7 replies to this topic

[DarkLordofthePenguins]

My PDF on NASM says to use the syntax:

mov [input1],eax

to store the value in eax into the memory location given by input1. Why is this so? Doesn't putting square brackets around an identifier mean to access the contents of input1? This is supposed to use the address of input1 as the destination operand. To use the value stored at that address just seems silly.
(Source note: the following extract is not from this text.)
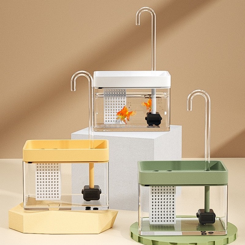 新款鱼缸小型家用方圆形防爆水族箱客厅阳台造景中小型生态桌面缸

This is the code that NASM accepted. It produces an error if I don't dereference input1.

input1 is a label for an uninitialized storage location defined in .bss, if that's at all relevant.

[mebob]

How is that silly? input1 is simply a pointer. Actually, it is like a C macro, it just gets translated directly into a memory address by the assembler. The brackets tell it to access the data stored at the memory address pointed to by input1.

[RhetoricalRuvim]

input1 is an address. You can't move a value into an address.

Let's say input1 is EBX. The following code:

%define input1 ebx 

mov input1, eax 

would be translated to

mov ebx, eax 

So basically you are saying 'EBX=EAX' , what I'm sure you don't want to do.

What you need to do, is you need to access the memory at that address, which is what the brackets are for:

%define input1 ebx 

mov [input1], eax 

and

mov [ebx], eax 

What's so silly about telling the processor to access memory (and not the pointer)?

[mebob]

Basically what I wanted to say, I've never been good at explaining stuff :D

[DarkLordofthePenguins]

My understanding was that, if input1 is an address, and it stores the value 24, then [input1] will evaluate to 24, since it dereferences it. So

mov [input1],eax

would copy eax into 24.

[RhetoricalRuvim]

Well, no. [input1] will only become 24 if you're using [input1] as a source operand. In the 'mov [input1], eax' case, you are using [input1] as a destination operand, what changes the way it's interpreted.

'mov eax, [input1]' would in your example set EAX to 24.
'mov [input1], eax', on the other hand, would not evaluate [input1] to 24, but rather would replace the 24, in memory, with whatever is currently in EAX.

In other words, if you use [input1] as source, you're reading from memory; but when you use [input1] as destination, the processor - instead of reading the value from that address in memory - writes the value from the source operand to the destination operand.

mov eax, [input1] 

would do something like this:

read { type:memory; address:input1; } 

store { place:EAX } 

while this code:

mov [input1], eax 

does something like this:

load { place:EAX } 

write { type: memory; address:input1; } 

So yeah, writing to memory is a little different from reading from memory.

[DarkLordofthePenguins]

Okay, makes sense now.

[mebob]

I take it you were thinking of 'variables'. There is no concept of variables in assembly.